◆ What is expected ◆
Leaving out the images, repeat all the lines below exactly.

◆ Information supplied ◆
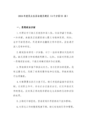 2024年度民主生活会意见建议(4个方面55 条).docx
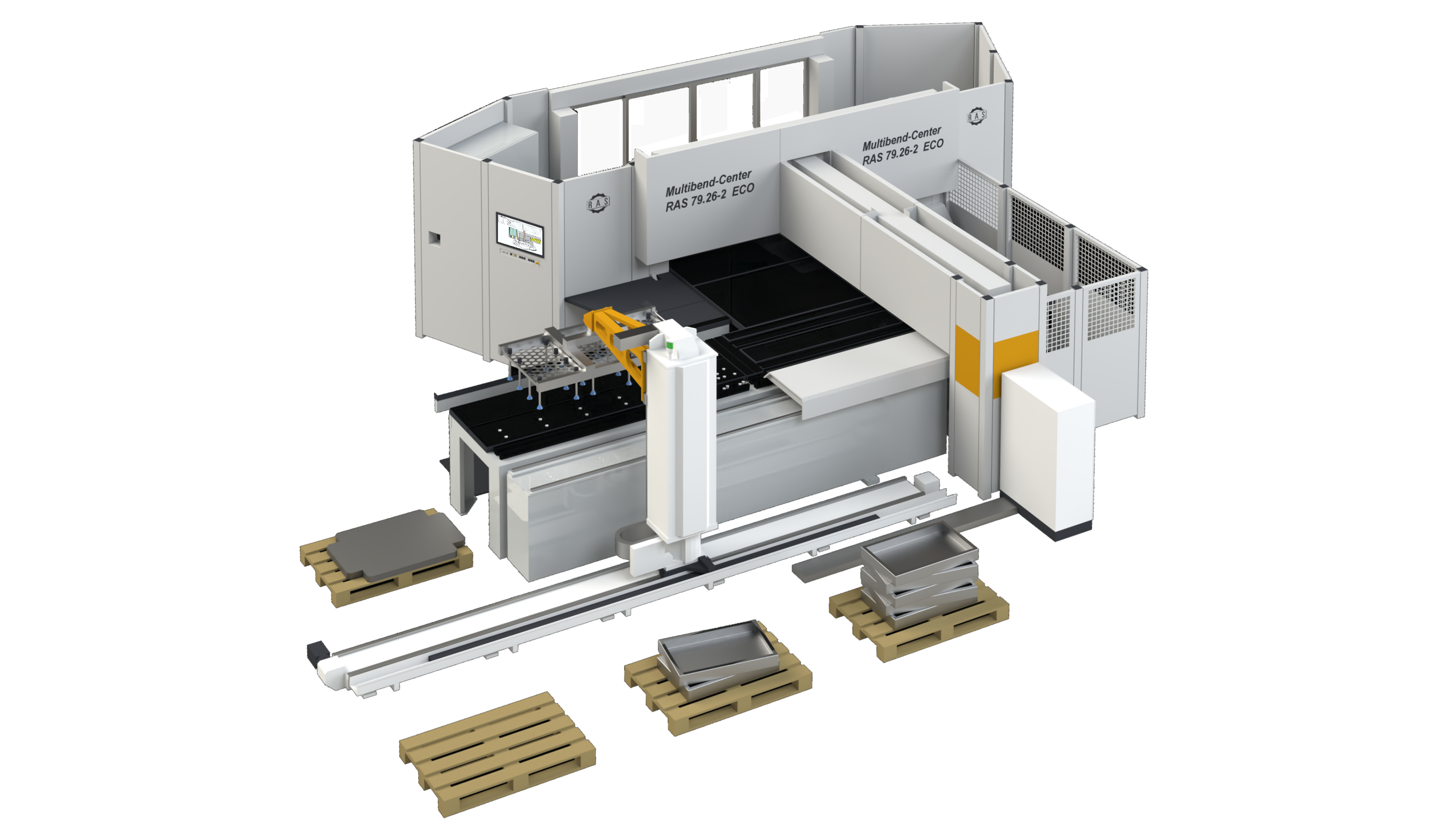 Nachdem das RAS Multibend-Center Eco als günstige Einsteigerlösung ins automatische Biegen seine Fangemeinde gefunden hatte, kam schnell der Wunsch nach einer einfachen Automatisierung beim Beladen von Platinen und Stapeln der fertigen Biegeteile auf. Hier lautet die Lösung Multibend-Center Ecoauto mit 2560 mm Biegelänge. Die kompakte Bauweise erfordert lediglich eine Hallenfläche von 8950 x 10900 mm.
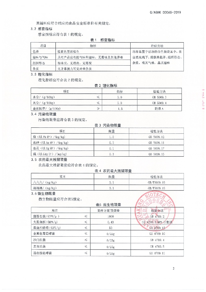 Q/AGHK 0006S-2019 保健食品原料 罗布麻提取物
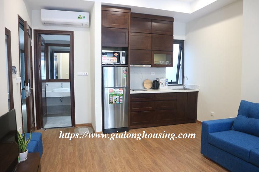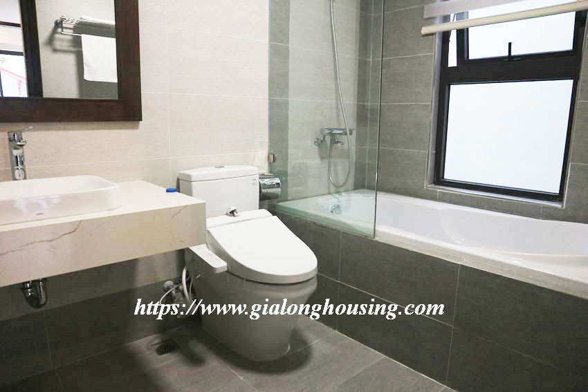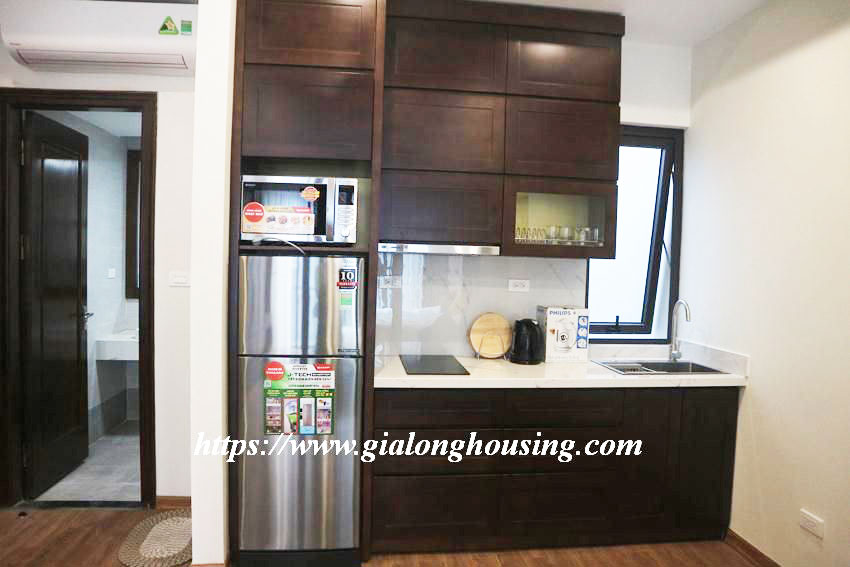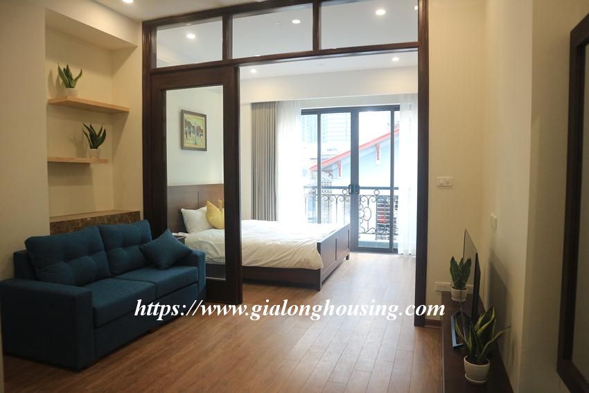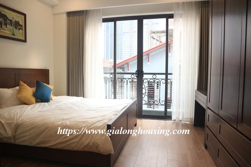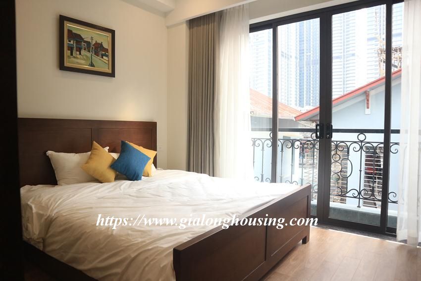 Bright serviced apartment is located just one minute from Japanese Embassy. The total area is 45 sq m: 01 bedroom and 01 bathroom. The apartment is fully furnished with good quality furniture and nice decoration. The rent includes: cable TV, high speed internet.
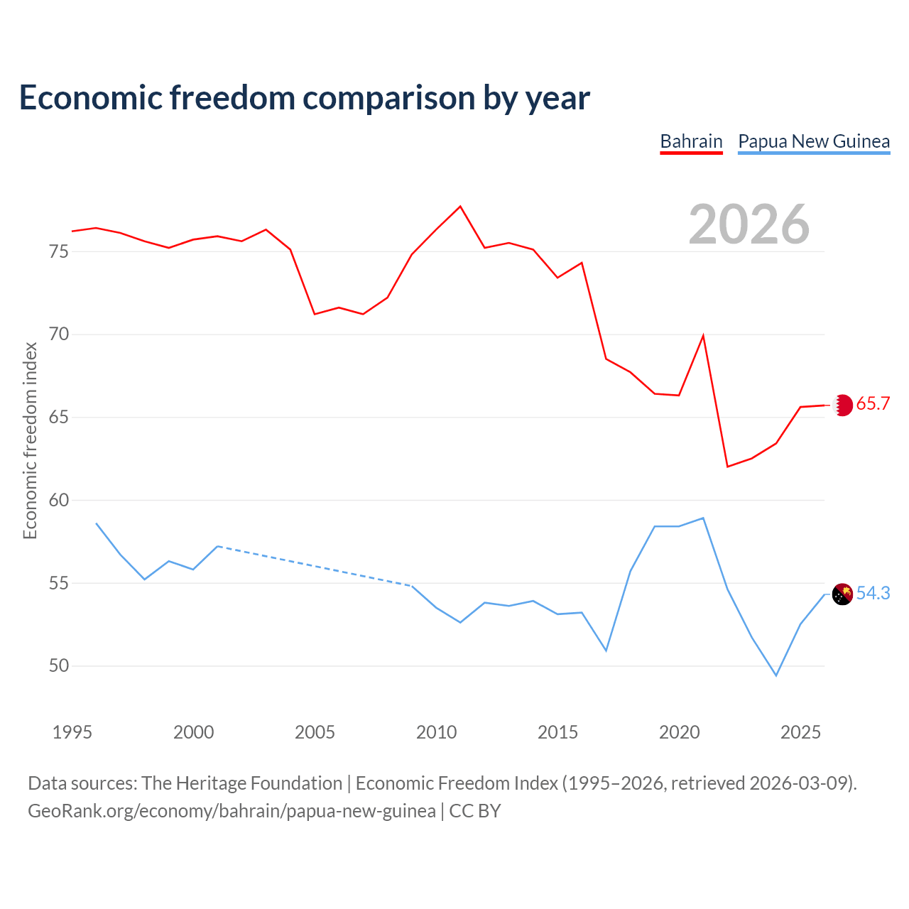 The Economic Freedom Index for Bahrain is 65.7, ranking 63/197, compared to 54.3 for Papua New Guinea, ranking 134/197. The chart above displays a comparison of annual changes in economic freedom indexes.
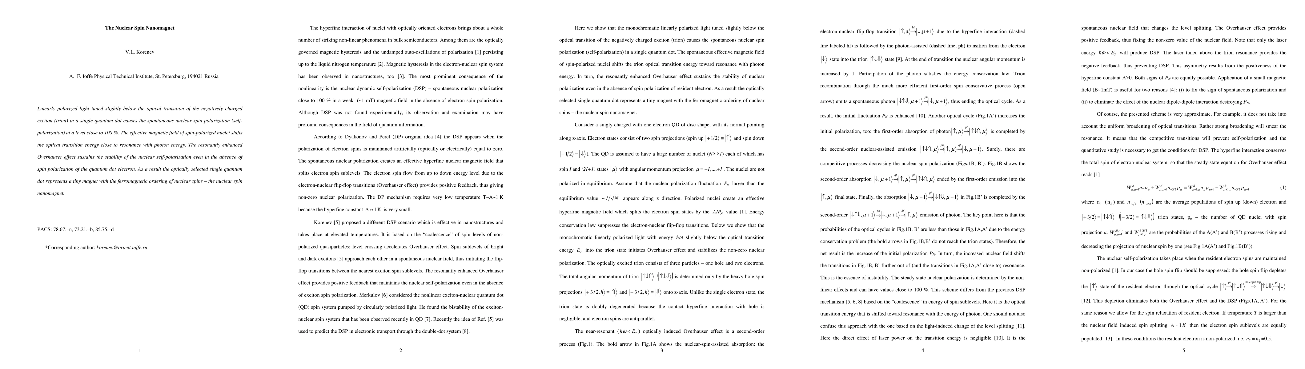 This paper demonstrates that linearly polarized light can induce nearly complete nuclear spin polarization in a single quantum dot, creating a nuclear spin nanomagnet. The resonantly enhanced Overhauser effect maintains this polarization even without electron spin polarization, showcasing a tiny magnet with ferromagnetically ordered nuclear spins.
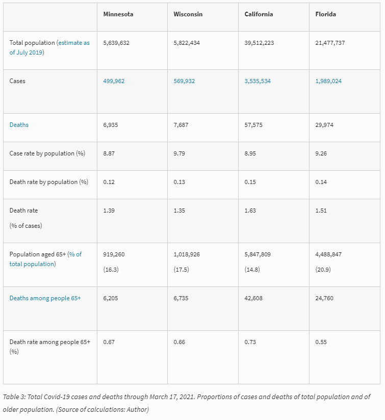 – Despite restrictions of differing severity and duration, there is little difference in the total number of COVID-19 infections and deaths across the four states, respectively, averaging around 9.22% and 0.14% of each state’s total population. The fatality rate is also comparable, although it is somewhat greater in California and Florida than in Minnesota and Wisconsin. This difference does not seem to be related to the regulations that were imposed.
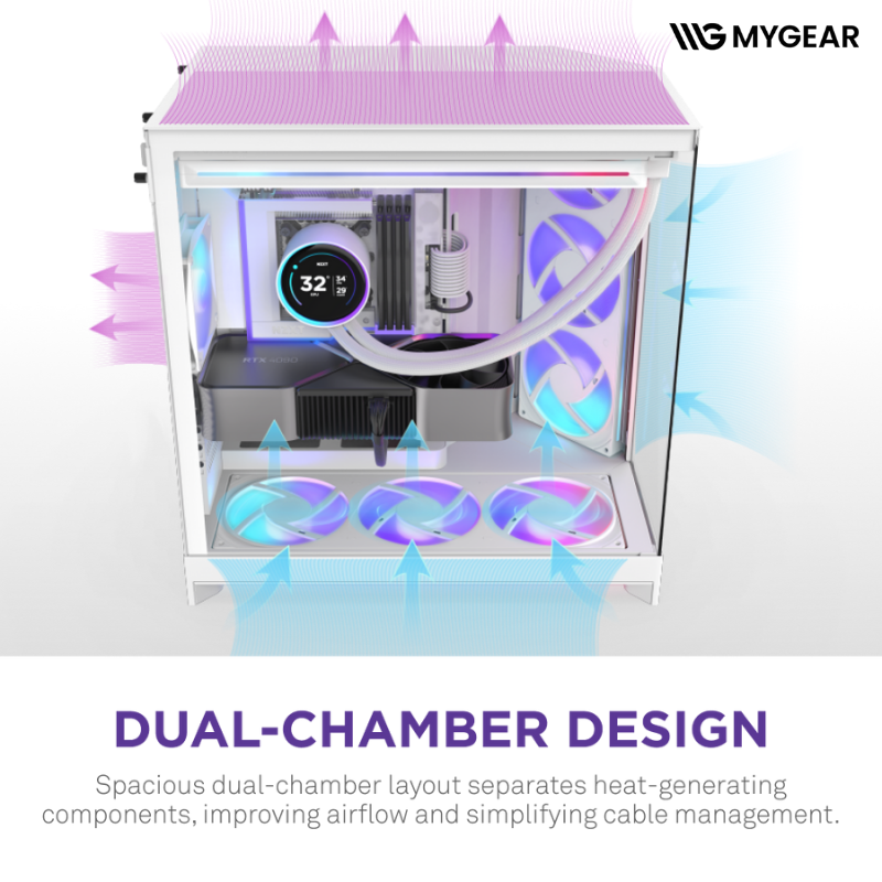 Điểm nhấn của NZXT H9 Flow RGB Plus White là thiết kế Dual-Chamber, tách PSU và khoang dây khỏi khoang mainboard. Thiết kế giúp luồng khí tối ưu, giảm nhiệt toàn hệ thống và nâng cao hiệu năng làm mát, đặc biệt với các build high-end hoặc tản nhiệt nước AIO lớn.

◆ Result ◆
 2024年度民主生活会意见建议(4个方面55 条).docx
 Nachdem das RAS Multibend-Center Eco als günstige Einsteigerlösung ins automatische Biegen seine Fangemeinde gefunden hatte, kam schnell der Wunsch nach einer einfachen Automatisierung beim Beladen von Platinen und Stapeln der fertigen Biegeteile auf. Hier lautet die Lösung Multibend-Center Ecoauto mit 2560 mm Biegelänge. Die kompakte Bauweise erfordert lediglich eine Hallenfläche von 8950 x 10900 mm.
 Q/AGHK 0006S-2019 保健食品原料 罗布麻提取物
 Bright serviced apartment is located just one minute from Japanese Embassy. The total area is 45 sq m: 01 bedroom and 01 bathroom. The apartment is fully furnished with good quality furniture and nice decoration. The rent includes: cable TV, high speed internet.
 The Economic Freedom Index for Bahrain is 65.7, ranking 63/197, compared to 54.3 for Papua New Guinea, ranking 134/197. The chart above displays a comparison of annual changes in economic freedom indexes.
 This paper demonstrates that linearly polarized light can induce nearly complete nuclear spin polarization in a single quantum dot, creating a nuclear spin nanomagnet. The resonantly enhanced Overhauser effect maintains this polarization even without electron spin polarization, showcasing a tiny magnet with ferromagnetically ordered nuclear spins.
 – Despite restrictions of differing severity and duration, there is little difference in the total number of COVID-19 infections and deaths across the four states, respectively, averaging around 9.22% and 0.14% of each state’s total population. The fatality rate is also comparable, although it is somewhat greater in California and Florida than in Minnesota and Wisconsin. This difference does not seem to be related to the regulations that were imposed.
 Điểm nhấn của NZXT H9 Flow RGB Plus White là thiết kế Dual-Chamber, tách PSU và khoang dây khỏi khoang mainboard. Thiết kế giúp luồng khí tối ưu, giảm nhiệt toàn hệ thống và nâng cao hiệu năng làm mát, đặc biệt với các build high-end hoặc tản nhiệt nước AIO lớn.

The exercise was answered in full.